Wishful thinking is like a drug. It is a bubble you create around yourself, in which everything is fine and everything will turn out alright.
Wishful thinking is the easy way. It keeps you lifeless and inactive, in times when you should move and act.
Wishful thinking is different from being an optimist. An optimist looks at the evidence and reality of the situation. Even if the situation looks bad at times, the optimist envisions a positive outcome after all. This gives him the necessary power to act, not give up, and move towards this positive outcome, even though he is well aware of the severity of the situation.
The wishful thinker, on the other hand, cannot or does not want to see the reality of a given situation. Instead, the wishful thinker wittingly or unwittingly suppresses reality. This creates an optimism bias in which wishful thinkers expect positive outcomes despite such expectations having no basis in reality.

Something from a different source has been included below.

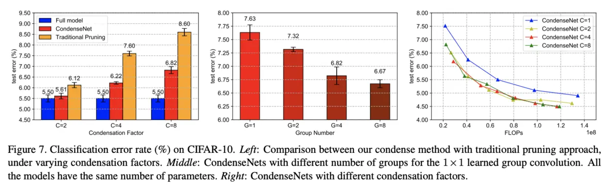 CondenseNet特点在于可学习分组卷积的提出,结合训练过程进行剪枝,不仅能准确地剪枝,还能继续训练,使网络权重更平滑,是个很不错的工作

The optimist faces the hardness of reality and acts. The wishful thinker downplays or ignores reality and procrastinates. If he acts, he is prone to overlook important details, which can lead to a vicious circle of unintended consequences.
Ask yourself whether you are facing reality or fall into the fallacy of wishful thinking.
Look beyond the information you habitually consume. Examine sources which you may find uncomfortable to read. Read at what is sold to you as fake news or conspiracies. Search for information outside your country, and your language.
It is possible that everything you wish to be true is not.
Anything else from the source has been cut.